Topics: Marie Antoinette, Louis XVI of France, House of Habsburg Pages: 5 (665 words) Published: September 16, 2014
Marie Antoinette
FMM 1200

Marie Antoinette
Maria Theresa of Austria thought she was sealing “a favorable alliance between France and Austria” (New World Encyclopedia) by having her daughter, Maria Antonia Josepha Johanna, marry Louis XVI, but she was actually unknowingly giving her a chance to make fashion history. Life History

When Maria Antonia Josepha Johanna wed Louis XVI, she was told to leave everything behind; her Austrian clothes, possessions, servants, her animal and even her name was changed to Marie Antoinette. She was then dressed in French clothing and presented with jewels including “an elaborate diamond necklace which had belonged to Anne of Austria and pieces which had also belonged to Mary Queen of Scots and Catherine de' Medici. The large collection of gems was valued at approximately two million livres” (New World Encyclopedia). While being married, she wore “a dress decorated by large white hoops covered in diamonds and pearls” (New World Encyclopedia). After being so lavished upon, Marie Antoinette spent most of her time “socializing and indulging her extravagant tastes”. Because of all the things she was investing in and doing, rumors began spreading and people tended to blame her for all of France’s problems. After a while, debts in France started accumulating and ordinary French people were convinced it was a conspiracy between monarchs and the nobility. At one point, the royal family was imprisoned and by the time they returned, everything was in shambles. Revolutionaries were killing royals, including Louis XVI, whom was executed for treason. Eventually Marie Antoinette lost custody of her child and was also convicted of treason and beheaded by guillotine. Fashion Impact

Marie Antoinette was a fashion icon. She is remembered for her very high hairstyle, the pouf, her pricy parties, and massive wardrobe. “She had nearly 300 dresses made annually for her various social engagements” (Contributors, 2008) and even had her own fragrance made for her. She wanted to keep up appearances and be seen as a force to be reckoned with. Although she never created the clothes herself, she wanted to be one of the firsts to try something; be non-traditional. She wore the newest looks from Rose Bertin, “among them the provocative "robe a la polonaise," with its bosom-enhancing bodice and its billowy, ankle-baring skirts, the whole crowned by a pouf, a 3-foot mountain of powdered hair decked with plumes, veils, and other objects”(Hollander, 2006). Another dress of style she came to wear after becoming a mother is known as “chemise a la reine.” She stopped wearing all the glitz and glam that she had been known for and opting for a simpler look in her outfits. She “began wearing a light, shapeless dress called a gaulle.

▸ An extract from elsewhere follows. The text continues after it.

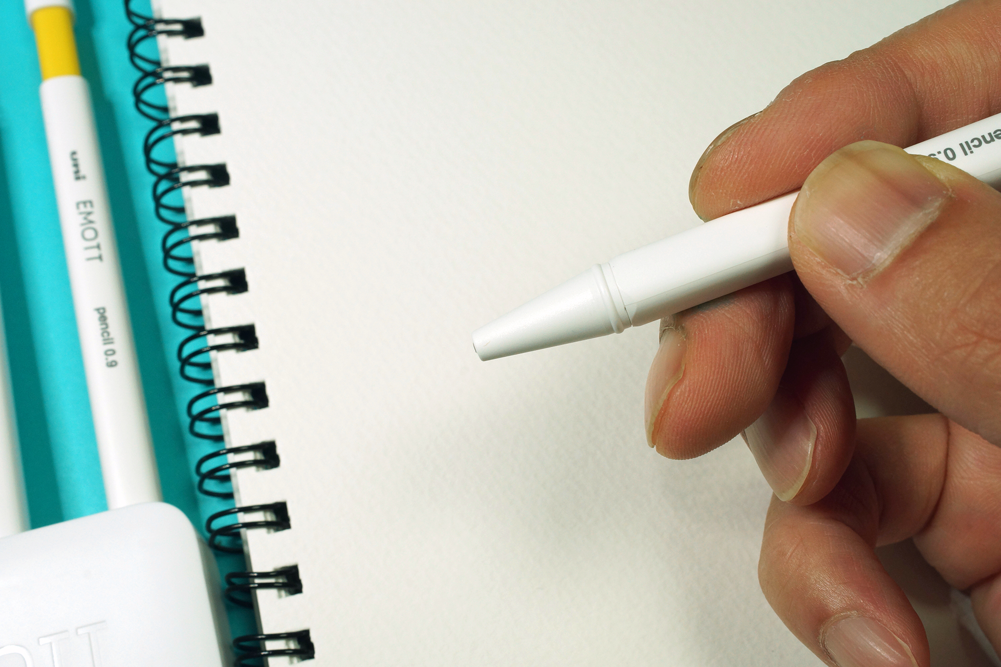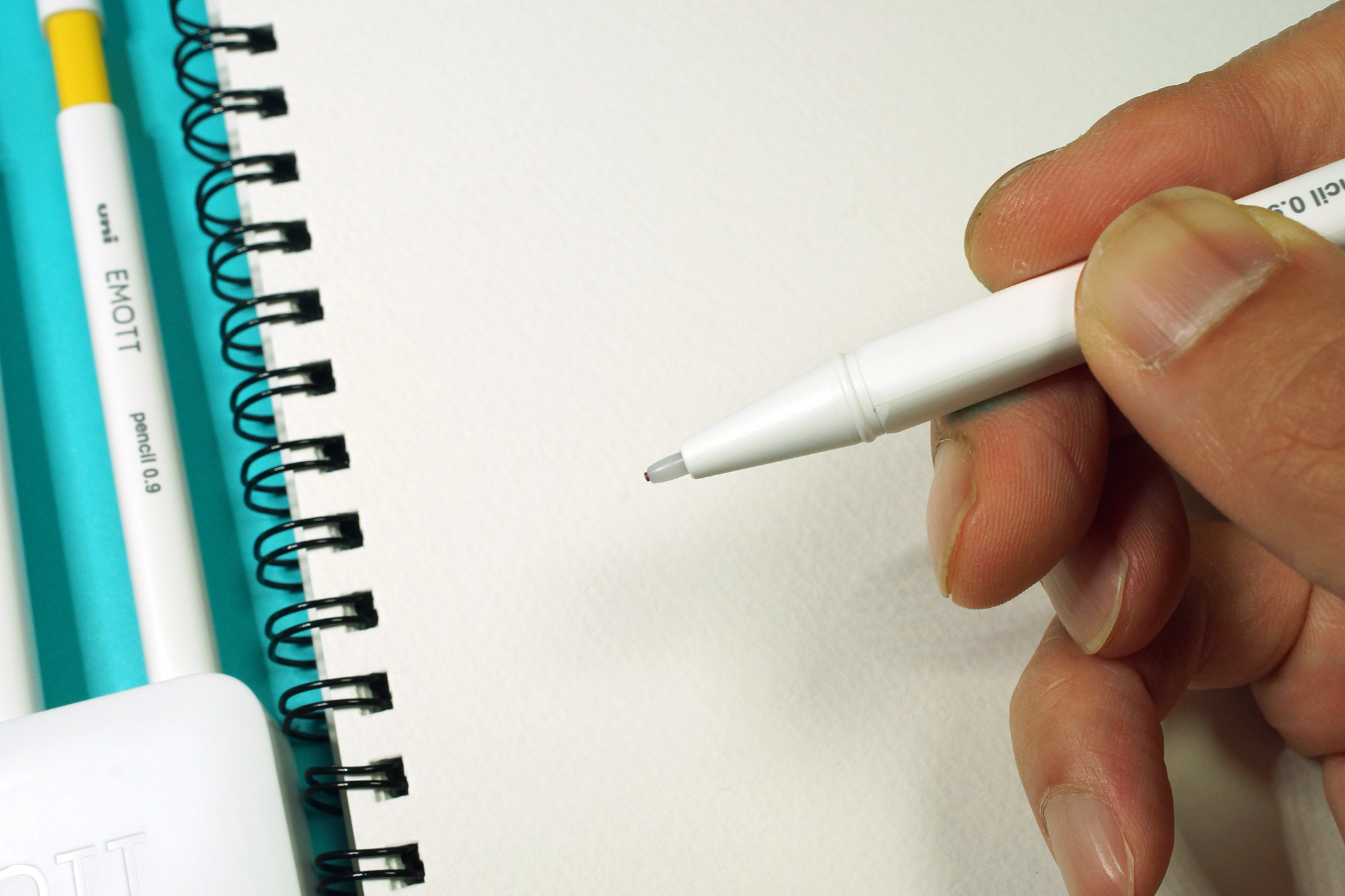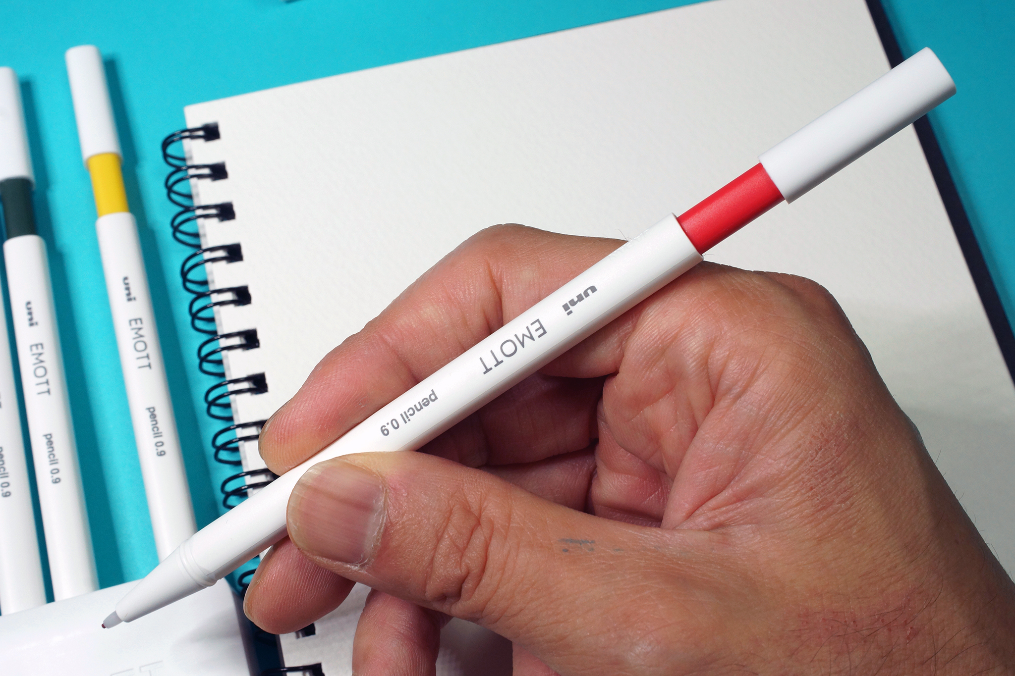 エモットペンシルは、形状で言えば「カラー芯の入ったシャープペンシル」です。0.9ミリの芯はもちろん字を書くこともできますが、それでもやはりこのペンの真骨頂は「色鉛筆として塗る」ことだろうと思うのです。

It was made of layers of simple muslin, loose-fitting and shaped by a sash tied around the waist. It also didn't have the usual panniers under the skirt, which were often so extreme that door frames had to be widened to accommodate dresses. It meant the material could mold around the legs, also shocking at the time”(Winterman, 2012). Critics of this type of dress said she looked as though she were wearing just undergarments. In conclusion, Marie Antoinette was not only a prominent figure in history, but she could also be noted as an important mention in fashion history as well. She paved the way for a new type of look and style that others during the time would not have ever thought of doing. References

Contributors. (2008, September 2). HowStuffWorks "Marie Antoinette Fashion". HowStuffWorks. Retrieved September 7, 2014, from http://history.howstuffworks.com/historical-figures/top-5-marie-antoinette-scandals5.htm#page=5 Hollander, A. (2006, November 3). What Marie Antoinette really wore.. Slate Magazine. Retrieved September 7, 2014, from http://www.slate.com/articles/arts/fashion/20 Marie Antoinette. (n.d.). - New World Encyclopedia. Retrieved September 7, 2014, from...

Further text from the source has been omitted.